In response, Mulally developed One Ford, an initiative based on “focus, teamwork and a single global approach, aligning employee efforts toward a common definition of success.” He started by redesigning internal meetings. As described in Bryce Hoffman’s American Icon, meetings had become “arenas for mortal combat” in which employees practiced self-preservation, trying to identify flaws in each other’s plans instead of recommending solutions to their problems.

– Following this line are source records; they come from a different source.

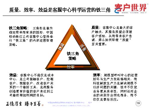 應該說這三個方面是科學運營的一個鐵三角,這是我們的理解,因為三角形,始終認為是最穩(wěn)定、簡單、有效的圖形,也是我們在進行內(nèi)部運營的管理鐵架。質(zhì)量是客服中心最大的觸點當中被客戶感知,從而帶來客戶忠誠的,如何管理質(zhì)量,那就至關(guān)重要。效率尤其是規(guī)模型的呼叫中心的運營好壞,是與生產(chǎn)力的發(fā)展強相關(guān),而科技解放生產(chǎn)力是解決規(guī)模問題的關(guān)鍵。技術(shù)不僅是運行更具效益率,同時還對企業(yè)的決策作出預先準備,而不僅僅是事后反應。很多年來,更多的企業(yè)是把客服中心視為成本中心,而事實上,效益的顯現(xiàn)讓我們陸續(xù)地走出了成本中心,它應該是公司接觸客戶、挖掘客戶、挽留客戶、改進客戶關(guān)系的一個最好工具,是用服務創(chuàng)造更有價值的客戶,來達到公司最終增加利潤的目標。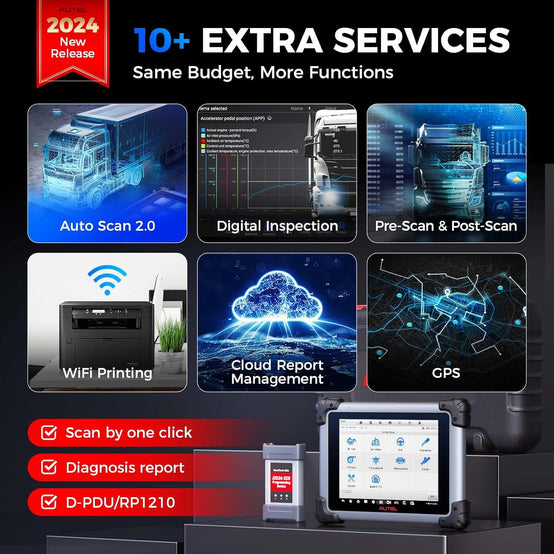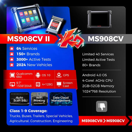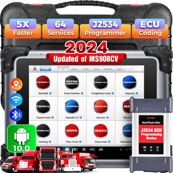 Seeking a great leap forward in faster diagnostic speed, 2024 Autel New Release MS908CV II renews full hardware with the same CPU as MS909CV, fast Android 10, larger 4+128GB, and lasting 15000mAh. Latest tech & updates provide future-proofing power to more CV/HD vehicles (class 1-9). Heavy duty truck scanner MS908CV II comes with improvements in 64+ services, adds 3000+ active tests, enhances ECU coding & J2534 programming for better multitasking.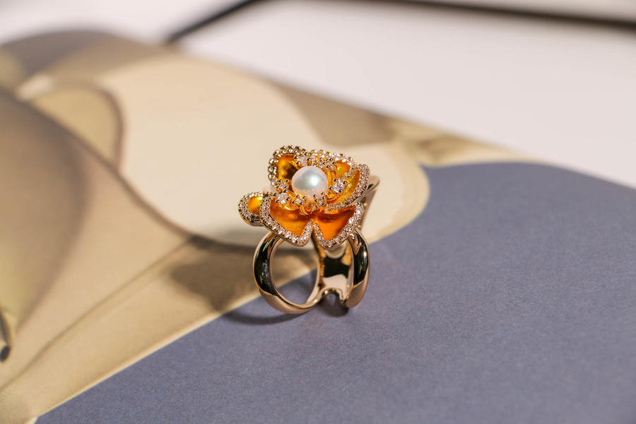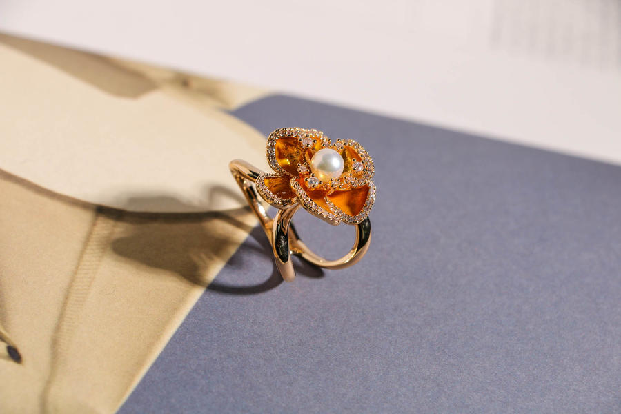 甄珠贝 山茶花天然淡水珍珠丝巾扣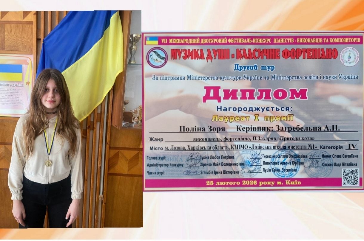 Вихованка Лозівської школи мистецтв №1, учениця 4 класу Зоря Поліна, продемонструвала високий рівень виконавської майстерності та стала Лауреатом І премії.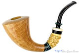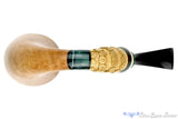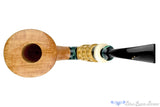 Stunningly smooth and pale, this handmade horn from New York pipe maker, Joseph Skoda, is another among his singular designs and features several materials working in concert to bring this handful of gorgeous smoking implement into existence. The bowl is drilled deep with a draft hole dead center at the bottom and most impressive, the draft to the button is so smooth and polished that a cleaner will pass through to the bowl without removing the stem. Acrylic, bamboo, ebonite, and Ivorite (elforyn super tusk) all cleverly combined mix color and texture together to harness an almost full bend into this American handmade's design. Something we've come to expect and appreciate about Skoda's work that no one else can replicate.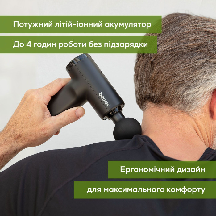 Масажер Beurer для тіла, літій- іонний акум., вага - 0,49кг, 3 насадки, чорний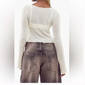 Urban Outfitters BDG Sheer Boatneck Lettuce Trim Bell Sleeve Sweater Small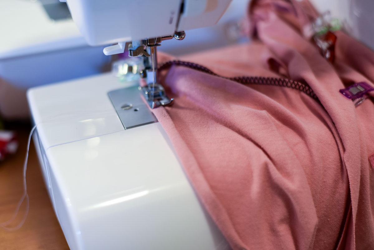 Hem your rolled hem about 1/8″ away from the top edge, being sure to keep your hem rolled nicely as you sew. I use a longer straight stitch when sewing bottom hems since these will not need to be stretched very often. Now remember that since the original hem was supposed to be 1″, using this method will create a hemline that is 0.5″ longer so keep that in mind.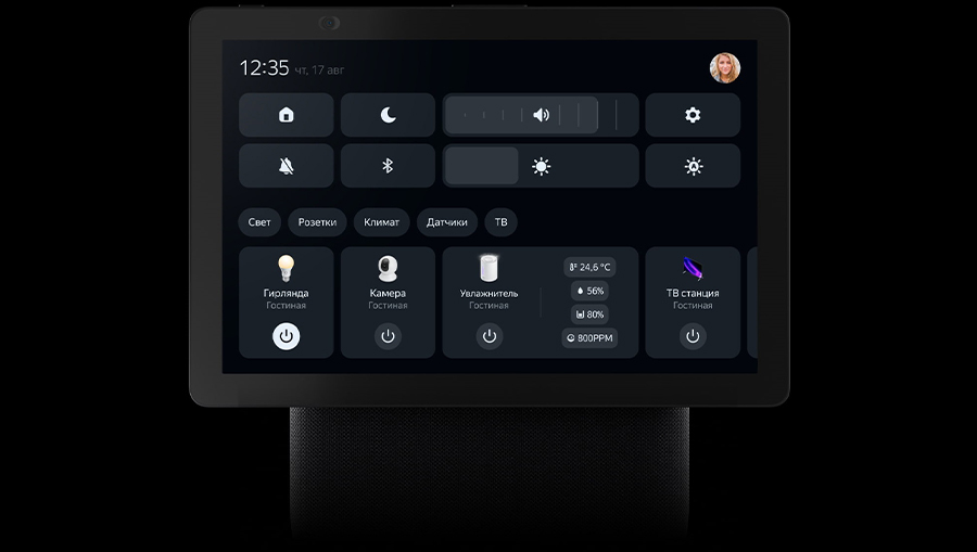 Станция Дуо Макс взаимодействует со всеми умными датчиками и устройствами, совместимыми с протоколом Zigbee, который способен работать без доступа к интернету. Это позволяет сделать колонку центром управления Умным домом. Попросите Алису включить свет или поставить музыку, узнайте, какая температура и влажность в комнате, закрыта ли входная дверь. Вся информация теперь дублируется на экране, поэтому не придется доставать смартфон и запускать приложение, чтобы скорректировать настройки.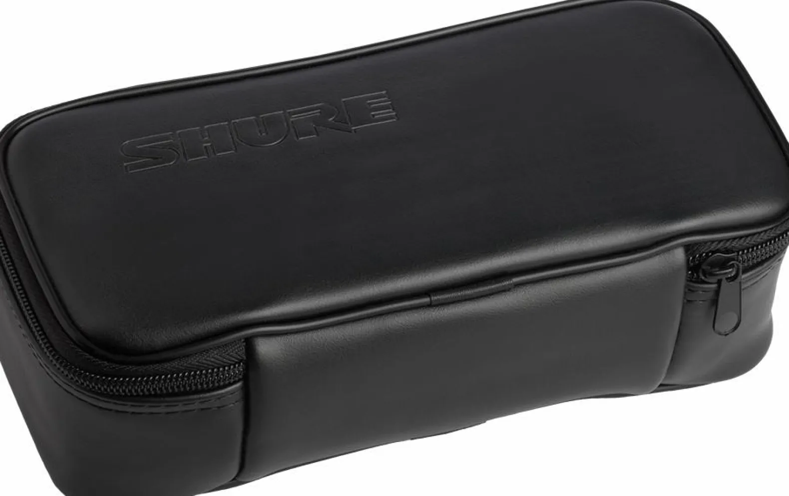 Padded zippered bag holds the KSM32 Cardioid Condenser Microphone.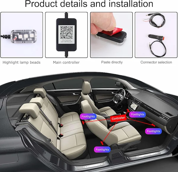 🚗 Fácil Instalación: Las luces se instalan fácilmente en cualquier parte del interior de tu coche, sin necesidad de herramientas complicadas.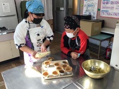 今日は先日掘ったさつまいもを使ってさつまいも蒸しパンを作って全校児童で食べました。食生活改善推進委員の2人をゲストティーチャーにお招きして、一緒に調理していただきました。それぞれ役割分担をしました。1.2年生はさつまいもを洗いました。3.4年生はさつまいもを剝きました。5.6年生が蒸しパンを作りました。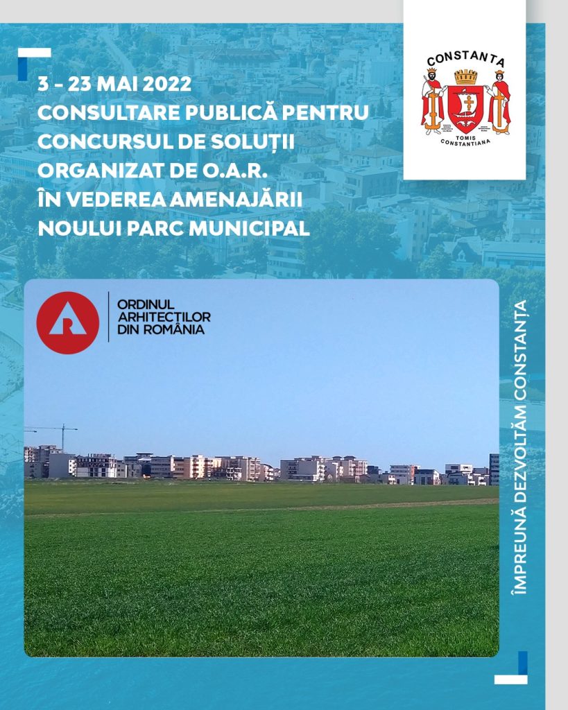 În parteneriat cu Ordinul Arhitecților din România, Primăria Municipiului Constanța organizează un concurs public de soluții pentru un nou parc municipal în jurul axei DN3C, o zonă cu potențial de dezvoltare în viitor. În acest sens, a fost demarat procesul de consultare publică, un demers indispensabil oricărei inițiative contemporane de remodelare a spațiului public, care se desfășoară în perioada 3 – 23 mai 2022.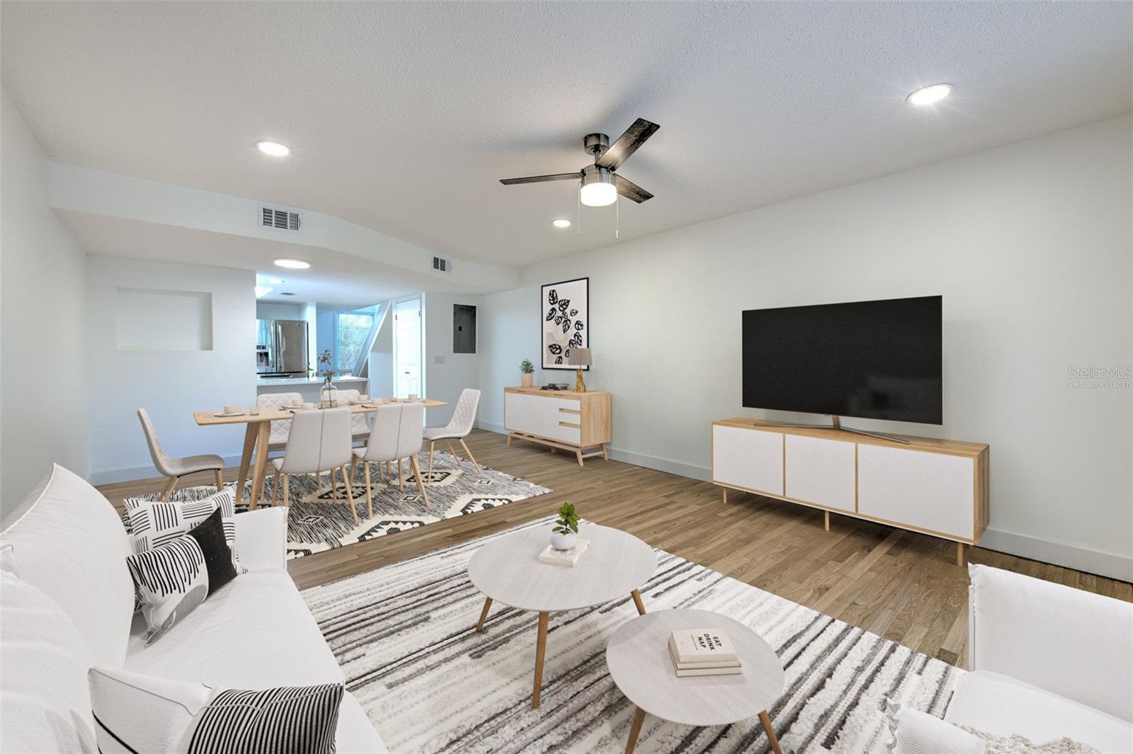 One or more photo(s) has been virtually staged. Welcome to this beautifully renovated condo in the waterfront community of Anchor Point, where you can keep your boat on their available boat slips and sail down the Tampa Bay! Updates include brand-new plumbing, windows, kitchen, bathrooms, paint, light fixtures, ceilings, carpet, and more. As you enter the home, you are greeted by a proper foyer and a downstairs half bathroom, convenient for guests. The spacious kitchen boasts an impressive waterfall countertop and bright cabinets, overlooking the large open-concept great room. The screened-in back patio is the perfect spot to enjoy your morning coffee and provides easy access to the community pool. Upstairs, the primary bedroom offers a screened-in balcony as well as a modern en-suite bathroom with a walk-in shower. The upstairs secondary bedroom features abundant natural lighting and the upstairs full hallway bathroom includes a tub for convenience. The laundry closet is located in the upstairs hallway and has washer and dryer connections. This charming waterfront community offers access to the Tampa Bay, boat slips, meandering sidewalks, a community pool, a clubhouse, and abundant guest parking. Located just 0.4 miles from Circles Waterfront Restaurant, 1.6 miles from Apollo Beach Nature Preserve, and 1.8 miles from Apollo Beach Park, this home offers proximity to the area's best spots.
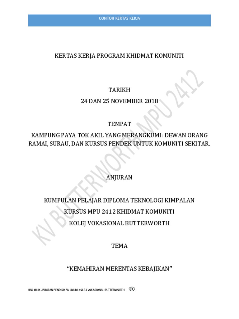 Contoh Kertas Kerja Program Khidmat Komuniti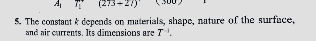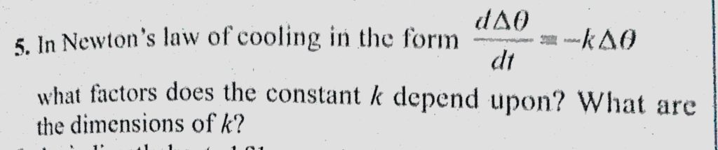 In Newton’s law of cooling in the form d delta theta / dt = -k delta theta what factors does the constant k depend upon ? What are the dimensions of k ? In Newton's law of cooling in the form d delta theta / dt = -k delta theta what factors does the constant k depend upon ? What are the dimensions of k ? October 25, 2020 Category: Uncategorised (JEE Advanced Physics by BM Sharma + GMP Solutions) , Facebook Messenger WhatsApp Share this:TwitterFacebook Related

Mulally reframed these meetings from negative to positive, fostering a safe environment where people had open and honest discussions without fear of blame. Instead of attacking executives for the issues they brought to the table, Mulally encouraged collaborative approaches to problem solving. He noted, “If you have a common purpose and an environment in which people want to help others succeed, the problems will be fixed quickly.”

Mulally introduced a “traffic light” system to weekly BPRs in which executives indicated progress on key initiatives as green, yellow, or red. After four meetings in which all programs were labelled green, Mulally confronted his team, “We are going to lose $18 billion this year, so is there anything that’s not going well?” His question was met with stony silence.

The following week, Ford’s North American President, Mark Fields, showed a red indicator that a new vehicle launch would be delayed. Other executives assumed Fields would be fired over the bad news. Instead, Mulally began clapping and said, “Mark, that is great visibility.” He asked the group, “What can we do to help Mark out?” As he frequently told his leaders, “You have a problem; you are not the problem.”

Mulally describes his leadership style as “positive leadership—conveying the idea that there is always a way forward.” He says a critical part of positive leadership is “reinforcing the idea that everyone is included. When people feel accountable and included, it is more fun. It is just more rewarding to do things in a supportive environment.”

With determination and positive leadership, Mulally created a culture of effective problem solving and teamwork. As a result, his team kept Ford out of bankruptcy, reversed market share losses with improved auto designs and quality, brought jobs back to the U.S. from overseas plants, and restored the company’s profitability by becoming cost competitive with foreign producers.

Weak leaders focus on all the things that are going wrong. Great leaders like Mulally bring out the best in us. The most effective leaders apply the principles of positive psychology, ensuring their interactions with employees contain a healthy balance of positive and constructive feedback. They maintain an optimistic outlook despite the setbacks, reinforcing that there is a hopeful way forward.

Bill George is Senior Fellow at Harvard Business School, former Chairman & CEO of Medtronic, and author of Discover Your True North.